# Seeking Online D&D Group



## Riti (Feb 19, 2013)

i want to get into D&D but i don't know anyone IRL nor do i drive so online would be the best im open to any kind of group as long as they are willing to help a noob out


----------



## athos (Feb 20, 2013)

Hey Riti, my friend Dally is running a Pathfinder game on Saturdays at noon PST, if you are interested PM me and I will give you his skype.

It's loosely based on the Percy Jackson books/movie, but I haven't read them, so that is not required, but if you have, it will probably be more fun.

It's starting at 4th level, with 6k gp in items.  IIRC it is 3d6 and reroll 1's and 2's so you should get an above average character.

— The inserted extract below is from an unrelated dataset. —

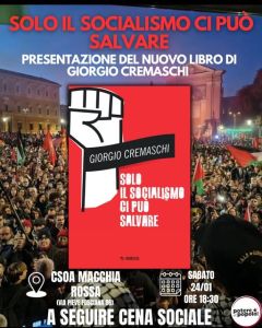 Sabato 24 gennaio alle ore 18:30 presso il Csoa Macchia Rossa (via Pieve Fosciana 89) presentazione de il nuovo libro di Giorgio Cremaschi “Solo il socialismo ci può salvare”. Sarà presente l’autore.

Let me know if you are interested.

Dan / Athos

p.s.  We play on OpenRPG and skype, you don't need voice, just typing


----------



## Riti (Feb 20, 2013)

athos said:


> Hey Riti, my friend Dally is running a Pathfinder game on Saturdays at noon PST, if you are interested PM me and I will give you his skype.
> 
> It's loosely based on the Percy Jackson books/movie, but I haven't read them, so that is not required, but if you have, it will probably be more fun.
> 
> ...




thanks but im kind of looking for a game where i won't have to use  altered classes or races like that since im new


----------



## athos (Feb 23, 2013)

There is a more "traditional" game on Saturdays at 5 pm PST, on openrpg server Unshaped.  It is regular Pathfinder set in the old Gygax world of Greyhawk, starting in the Grand Duchy of Geoff.

It's 1st level, 4d6 rolls, drop the low die.  Max hp at 1st level.

GM is Seannachie, just show up with your character ready to go and you can probably get in on the game today.

Dan


----------



## Riti (Feb 23, 2013)

whats open rpg


----------